Please write out exactly the lines from the opening of the listing through the line that holds "7 tables mélaminé", including both, and nothing else; no pictures.

-- Opening Marker --

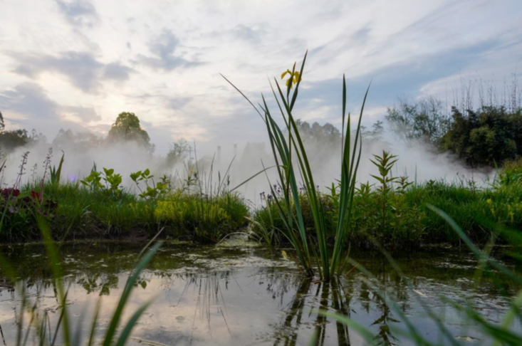 重庆市梁平区双桂湖畔三峡竹博园内的小微湿地景观。新华社记者刘潺摄
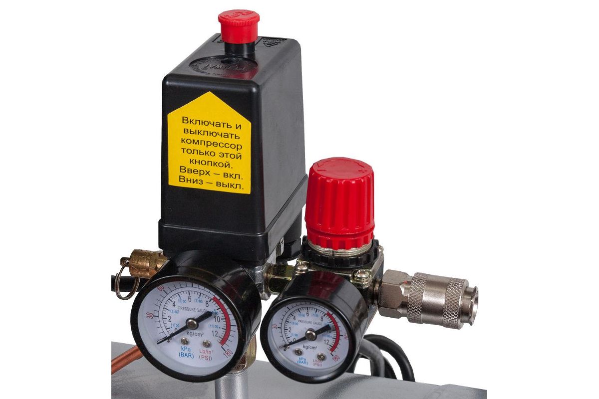 Два манометра и регулятор давления – настраивайте компрессор в зависимости от подключенного инструмента и типа работ.
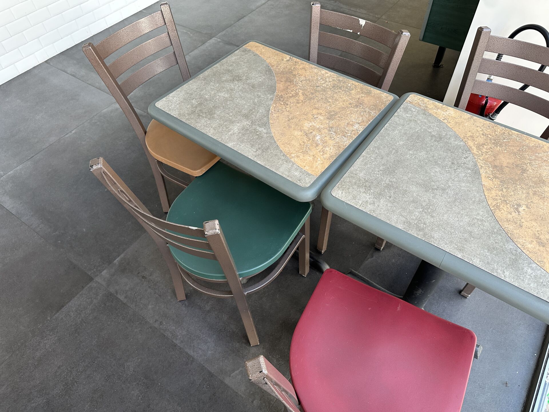 7 tables mélaminé (50 x 60 cm), piètement métal noir 16 chaises métal, assise verte , bordeaux ou camel 1 double banquette avec table intégrée mélaminé vert (100 x 62 cm),
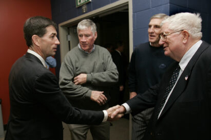 - Former Utah Jazz guard John Stockton, left, greets his former coaches Gonzaga’s Dan Fitzgerald and Utah Jazz’s Jerry Sloan and Frank Layden, left to right, at the start of a news conference prior to the retirement of his jersey Monday, Nov. 22, 2004, in Salt Lake City.
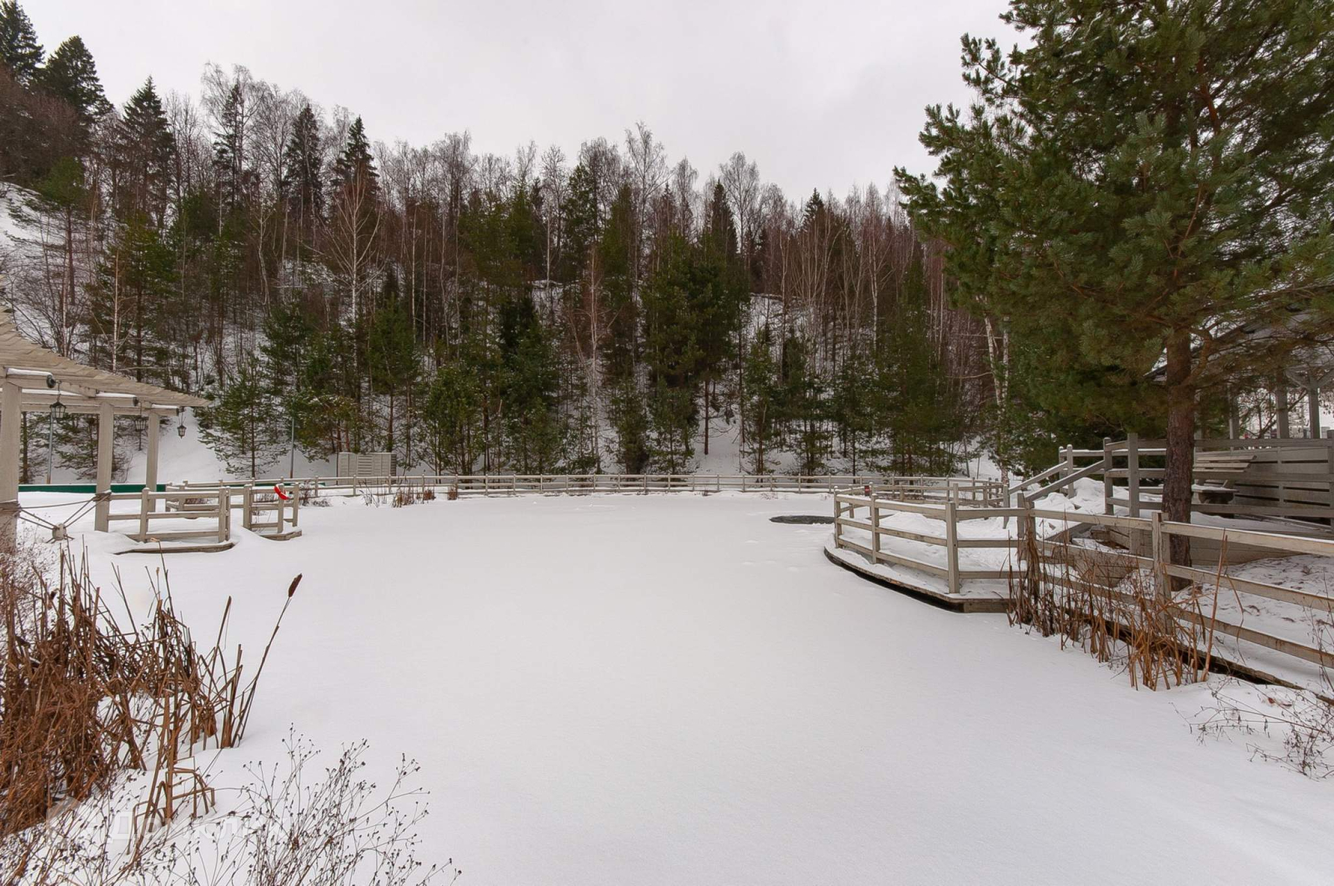 В поселке собственный выход в лесной массив, теннисный корт, площадка для спортивных игр (хоккей/футбол/баскетбол), сезонный каток, детские площадки. Просторная гостевая парковка.

-- Closing Marker --

- Answer for this exercise:
 重庆市梁平区双桂湖畔三峡竹博园内的小微湿地景观。新华社记者刘潺摄
 Два манометра и регулятор давления – настраивайте компрессор в зависимости от подключенного инструмента и типа работ.
 7 tables mélaminé (50 x 60 cm), piètement métal noir 16 chaises métal, assise verte , bordeaux ou camel 1 double banquette avec table intégrée mélaminé vert (100 x 62 cm),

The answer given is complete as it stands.